INFORMATION GIVEN:

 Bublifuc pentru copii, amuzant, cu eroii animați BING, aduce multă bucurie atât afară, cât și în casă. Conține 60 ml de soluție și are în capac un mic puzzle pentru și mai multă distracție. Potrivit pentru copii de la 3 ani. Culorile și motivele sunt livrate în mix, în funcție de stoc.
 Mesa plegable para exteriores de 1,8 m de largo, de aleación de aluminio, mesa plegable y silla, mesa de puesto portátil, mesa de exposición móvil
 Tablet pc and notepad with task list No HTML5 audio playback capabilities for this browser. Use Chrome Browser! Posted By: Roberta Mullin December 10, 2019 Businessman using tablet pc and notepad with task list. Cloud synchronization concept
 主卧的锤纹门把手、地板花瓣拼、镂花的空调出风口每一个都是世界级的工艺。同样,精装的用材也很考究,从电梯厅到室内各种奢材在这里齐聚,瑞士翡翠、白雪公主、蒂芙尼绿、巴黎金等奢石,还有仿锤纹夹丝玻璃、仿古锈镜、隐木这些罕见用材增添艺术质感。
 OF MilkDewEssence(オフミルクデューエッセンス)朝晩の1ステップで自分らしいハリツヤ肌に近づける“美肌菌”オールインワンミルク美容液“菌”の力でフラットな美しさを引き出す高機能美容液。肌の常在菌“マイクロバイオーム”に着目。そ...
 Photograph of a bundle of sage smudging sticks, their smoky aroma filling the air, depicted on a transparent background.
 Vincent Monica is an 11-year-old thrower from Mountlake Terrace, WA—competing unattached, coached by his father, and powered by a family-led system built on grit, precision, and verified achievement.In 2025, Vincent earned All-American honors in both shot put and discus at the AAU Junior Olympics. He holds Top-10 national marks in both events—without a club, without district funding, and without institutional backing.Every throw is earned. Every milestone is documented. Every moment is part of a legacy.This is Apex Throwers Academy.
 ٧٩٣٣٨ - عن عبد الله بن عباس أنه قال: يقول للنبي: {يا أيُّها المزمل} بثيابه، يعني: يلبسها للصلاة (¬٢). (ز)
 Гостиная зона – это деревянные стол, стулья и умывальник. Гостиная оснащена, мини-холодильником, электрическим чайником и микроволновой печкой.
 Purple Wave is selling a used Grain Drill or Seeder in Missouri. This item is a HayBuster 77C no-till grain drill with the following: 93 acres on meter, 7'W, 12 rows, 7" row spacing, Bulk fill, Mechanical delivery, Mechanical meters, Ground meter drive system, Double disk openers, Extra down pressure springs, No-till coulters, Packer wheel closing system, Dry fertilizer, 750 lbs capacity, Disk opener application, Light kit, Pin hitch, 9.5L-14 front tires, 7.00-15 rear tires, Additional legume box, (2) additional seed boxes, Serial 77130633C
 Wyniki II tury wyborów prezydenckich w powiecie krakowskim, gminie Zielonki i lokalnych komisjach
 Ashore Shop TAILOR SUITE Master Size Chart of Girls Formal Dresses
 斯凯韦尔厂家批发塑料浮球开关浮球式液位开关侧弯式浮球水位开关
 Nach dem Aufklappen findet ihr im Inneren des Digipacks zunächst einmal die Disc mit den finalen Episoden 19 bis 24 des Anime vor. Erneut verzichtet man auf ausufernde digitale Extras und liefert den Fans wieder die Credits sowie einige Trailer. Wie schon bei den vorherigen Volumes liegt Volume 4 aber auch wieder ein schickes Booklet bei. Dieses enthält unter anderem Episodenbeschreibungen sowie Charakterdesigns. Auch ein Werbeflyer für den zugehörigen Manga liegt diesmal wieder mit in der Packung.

ABOUT THIS TASK: All of the entries should be output exactly as they appear above.

WRITTEN ANSWER:
 Bublifuc pentru copii, amuzant, cu eroii animați BING, aduce multă bucurie atât afară, cât și în casă. Conține 60 ml de soluție și are în capac un mic puzzle pentru și mai multă distracție. Potrivit pentru copii de la 3 ani. Culorile și motivele sunt livrate în mix, în funcție de stoc.
 Mesa plegable para exteriores de 1,8 m de largo, de aleación de aluminio, mesa plegable y silla, mesa de puesto portátil, mesa de exposición móvil
 Tablet pc and notepad with task list No HTML5 audio playback capabilities for this browser. Use Chrome Browser! Posted By: Roberta Mullin December 10, 2019 Businessman using tablet pc and notepad with task list. Cloud synchronization concept
 主卧的锤纹门把手、地板花瓣拼、镂花的空调出风口每一个都是世界级的工艺。同样,精装的用材也很考究,从电梯厅到室内各种奢材在这里齐聚,瑞士翡翠、白雪公主、蒂芙尼绿、巴黎金等奢石,还有仿锤纹夹丝玻璃、仿古锈镜、隐木这些罕见用材增添艺术质感。
 OF MilkDewEssence(オフミルクデューエッセンス)朝晩の1ステップで自分らしいハリツヤ肌に近づける“美肌菌”オールインワンミルク美容液“菌”の力でフラットな美しさを引き出す高機能美容液。肌の常在菌“マイクロバイオーム”に着目。そ...
 Photograph of a bundle of sage smudging sticks, their smoky aroma filling the air, depicted on a transparent background.
 Vincent Monica is an 11-year-old thrower from Mountlake Terrace, WA—competing unattached, coached by his father, and powered by a family-led system built on grit, precision, and verified achievement.In 2025, Vincent earned All-American honors in both shot put and discus at the AAU Junior Olympics. He holds Top-10 national marks in both events—without a club, without district funding, and without institutional backing.Every throw is earned. Every milestone is documented. Every moment is part of a legacy.This is Apex Throwers Academy.
 ٧٩٣٣٨ - عن عبد الله بن عباس أنه قال: يقول للنبي: {يا أيُّها المزمل} بثيابه، يعني: يلبسها للصلاة (¬٢). (ز)
 Гостиная зона – это деревянные стол, стулья и умывальник. Гостиная оснащена, мини-холодильником, электрическим чайником и микроволновой печкой.
 Purple Wave is selling a used Grain Drill or Seeder in Missouri. This item is a HayBuster 77C no-till grain drill with the following: 93 acres on meter, 7'W, 12 rows, 7" row spacing, Bulk fill, Mechanical delivery, Mechanical meters, Ground meter drive system, Double disk openers, Extra down pressure springs, No-till coulters, Packer wheel closing system, Dry fertilizer, 750 lbs capacity, Disk opener application, Light kit, Pin hitch, 9.5L-14 front tires, 7.00-15 rear tires, Additional legume box, (2) additional seed boxes, Serial 77130633C
 Wyniki II tury wyborów prezydenckich w powiecie krakowskim, gminie Zielonki i lokalnych komisjach
 Ashore Shop TAILOR SUITE Master Size Chart of Girls Formal Dresses
 斯凯韦尔厂家批发塑料浮球开关浮球式液位开关侧弯式浮球水位开关
 Nach dem Aufklappen findet ihr im Inneren des Digipacks zunächst einmal die Disc mit den finalen Episoden 19 bis 24 des Anime vor. Erneut verzichtet man auf ausufernde digitale Extras und liefert den Fans wieder die Credits sowie einige Trailer. Wie schon bei den vorherigen Volumes liegt Volume 4 aber auch wieder ein schickes Booklet bei. Dieses enthält unter anderem Episodenbeschreibungen sowie Charakterdesigns. Auch ein Werbeflyer für den zugehörigen Manga liegt diesmal wieder mit in der Packung.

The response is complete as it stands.